Cette manifestation faisait partie de plusieurs manifestations organisées simultanément par le KNPB dans plusieurs villes à travers tout le pays, dont Jayapura, Merauke, Wamena, Nabire (province de Papouasie occidentale), Manado (province du Sulawesi-Nord), Gorontalo et Yogyakarta. Au moins 528 personnes, dont des mineurs, ont été arrêtés dans tout le pays le 19 décembre 2016. La plupart d’entre elles ont été remises en liberté le lendemain sans avoir été inculpées.

Actuellement détenus dans les locaux de la police de Manado (province du Sulawesi-Nord), Hiskia Meage, Emanuel Ukago, Panus Hesegem et William Wim ont été inculpés de « rébellion » (makar) au titre de l’article 106 du Code pénal indonésien et risquent l’emprisonnement à vie.

La Constitution et la législation indonésiennes garantissent le droit à la liberté d’expression et de réunion pacifique. Les lois sont cependant régulièrement utilisées pour sanctionner des activités politiques non violentes et emprisonner des personnes ayant simplement exercé de manière pacifique leurs droits fondamentaux. Des dizaines de militants politiques pacifiques sont actuellement incarcérés dans la région de Papouasie (provinces de Papouasie et de Papouasie occidentale). Certains ont été condamnés à des peines de 20 ans d’emprisonnement pour avoir organisé des activités ou des manifestations politiques non violentes, pour y avoir assisté ou participé, ou pour possession ou déploiement du drapeau de « l’Étoile du matin », emblème interdit de l’indépendance papoue.

Un grand nombre des personnes arrêtées sont accusées de « rébellion » (makar) en vertu des articles 106 et 110 (atteintes à la sûreté de l’État) du Code pénal indonésien.

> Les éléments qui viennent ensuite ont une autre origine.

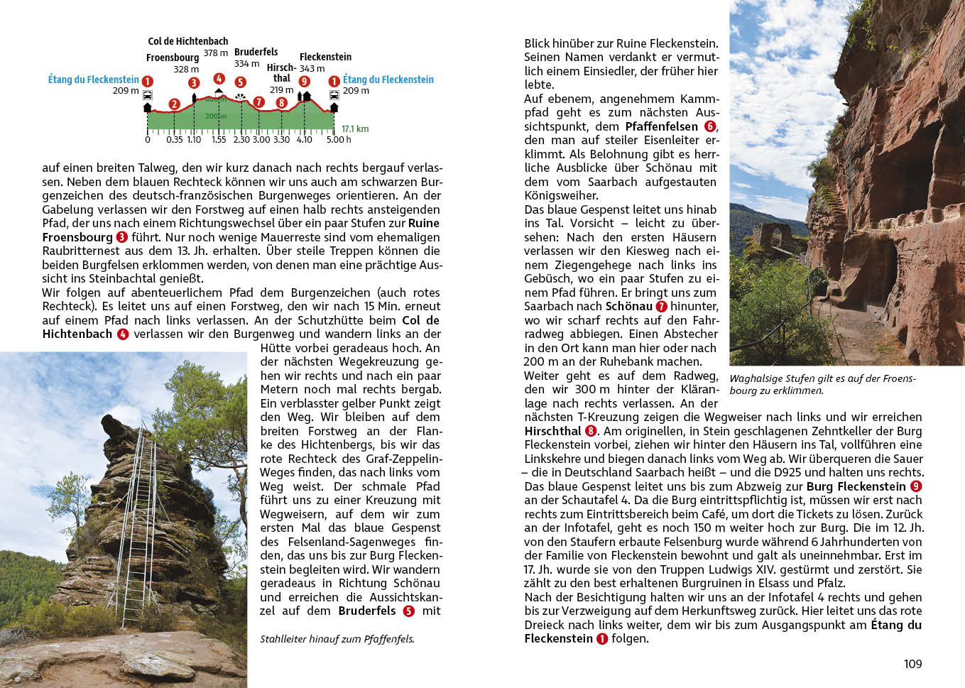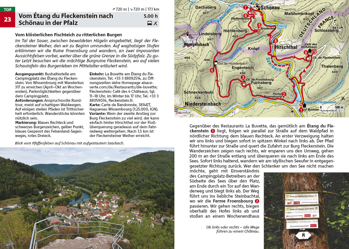 Auf gegenüberliegender Rheinseite, in der Südpfalz, wandert man auf sandigen Wegen unter Edelkastanien. Burgruinen und bizarre Sandsteinformationen findet man auf Schritt und Tritt. Jenseits der Grenze, im Norden des Elsass, lassen sich mittelalterliche Ruinen über waghalsige Treppen und Leitern erklimmen.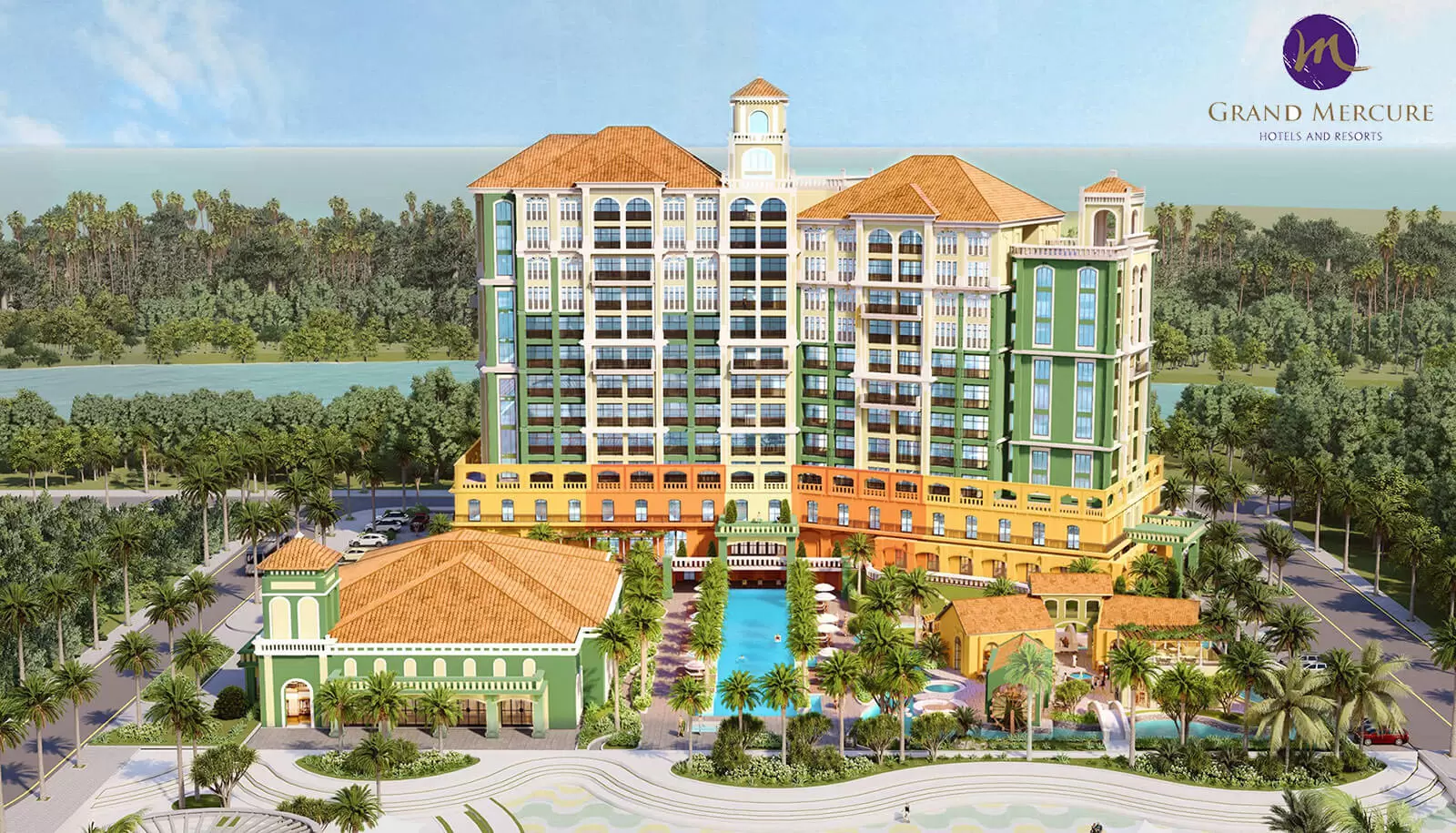 Theo phương châm “Global Presence – Local Experiences” của thương hiệu – Grand Mercure Ho Tram lấy cảm hứng từ thành phố thương cảng hơn 500 năm tuổi La Habana. Những đường nét và sắc màu kiến trúc đặc trưng của vùng Caribbean được hòa quyện ngọt ngào để tạo nên một công trình mang âm hưởng thế giới, mà vẫn giữ được nét quyết rũ của miền biển Hồ Tràm.
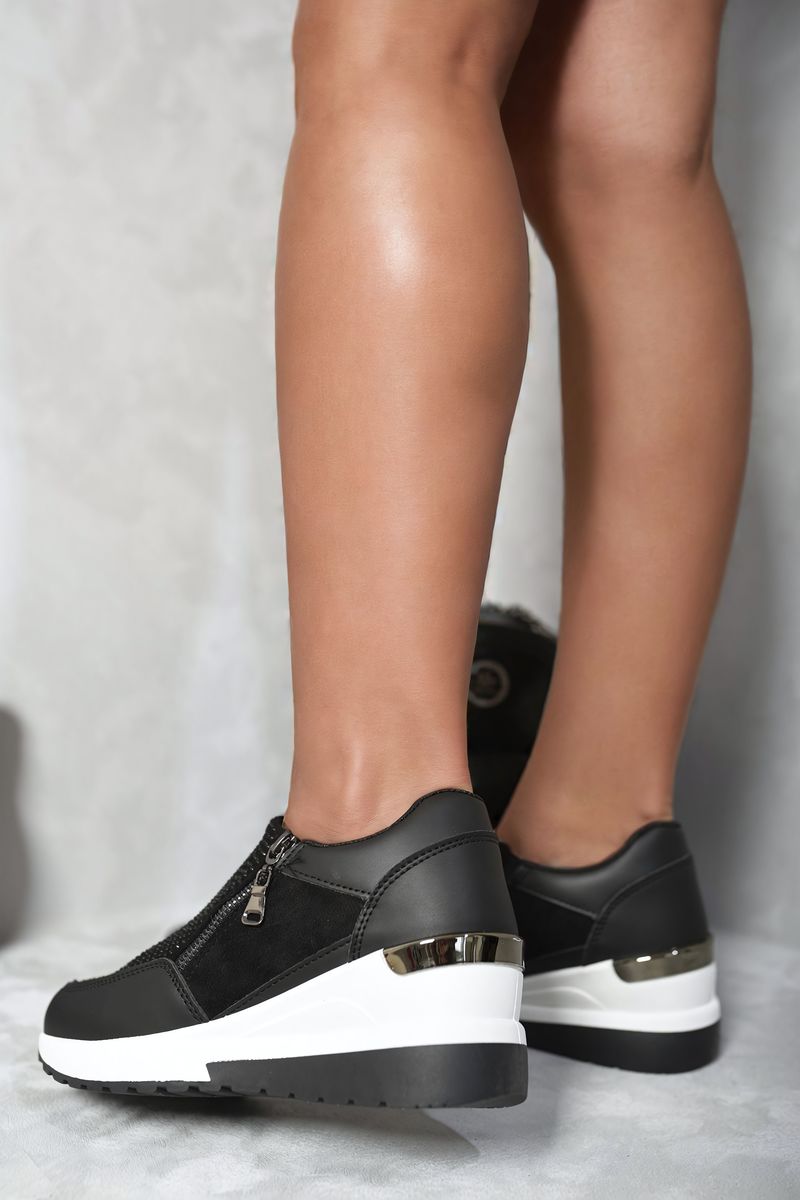 Sparkle in every step with the Judith Rhinestone Decor Zip Platform Trainers! These trendy kicks feature dazzling rhinestone details and a handy zip closure for easy wear. The platform style adds a fun lift, making them perfect for adding some glam to your everyday look. Slip them on and shine bright!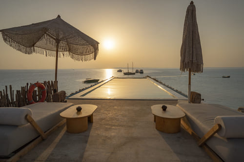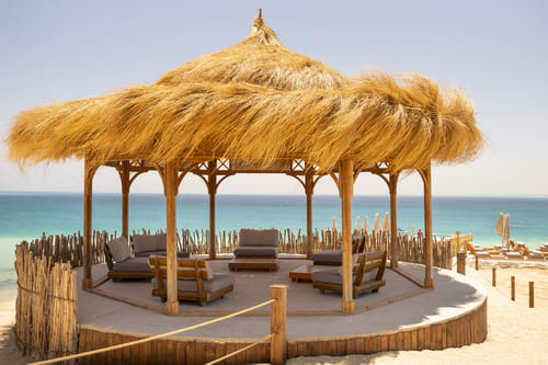 Journée à l’île Ozirea depuis Hurghada : marina 8h30, bateau 9h, snorkeling 1h, 3h sur l’île avec buffet, softs et piscine

Amnesty International a recueilli des informations sur un recours excessif à la force, aux armes à feu, ainsi qu’à la torture et autres mauvais traitements à l’encontre de militants politiques, entre autres, accusés d’avoir des liens avec des groupes pro-indépendance. Il est rare que les auteurs de ces actes soient amenés à rendre des comptes, et les membres des forces de sécurité concernés reçoivent tout au plus des sanctions disciplinaires, et non pénales. Pour plus d’informations sur cette question, voir les documents d’Amnesty International disponibles aux adresses https://www.amnesty.org/fr/documents/asa21/5480/2017/fr/, https://www.amnesty.org/fr/documents/asa21/5409/2016/fr/, https://www.amnesty.org/fr/documents/asa21/3010/2015/fr/, https://www.amnesty.org/fr/documents/asa21/1932/2015/fr/ et https://www.amnesty.org/fr/documents/asa21/3797/2016/fr/.
Le Mouvement de libération uni pour la Papouasie occidentale (ULMWP), créé en décembre 2014, regroupe différents mouvements indépendantistes papous.
Le Groupe mélanésien Fer de lance est une organisation intergouvernementale à caractère politique fondée en 1983 et composée de quatre États mélanésiens (Fidji, Papouasie-Nouvelle-Guinée, Salomon et Vanuatu) et du Front de libération nationale kanak et socialiste (FLNKS) de Nouvelle-Calédonie. L’Indonésie en est un membre associé et l’ULMWP, un membre observateur.

Amnesty International ne prend aucunement position sur le statut politique des provinces d’Indonésie, ni sur les appels à l’indépendance. Cependant, l’organisation estime que le droit à la liberté d’expression comprend le droit de prôner pacifiquement le recours aux référendums, l’indépendance ou d’autres solutions politiques.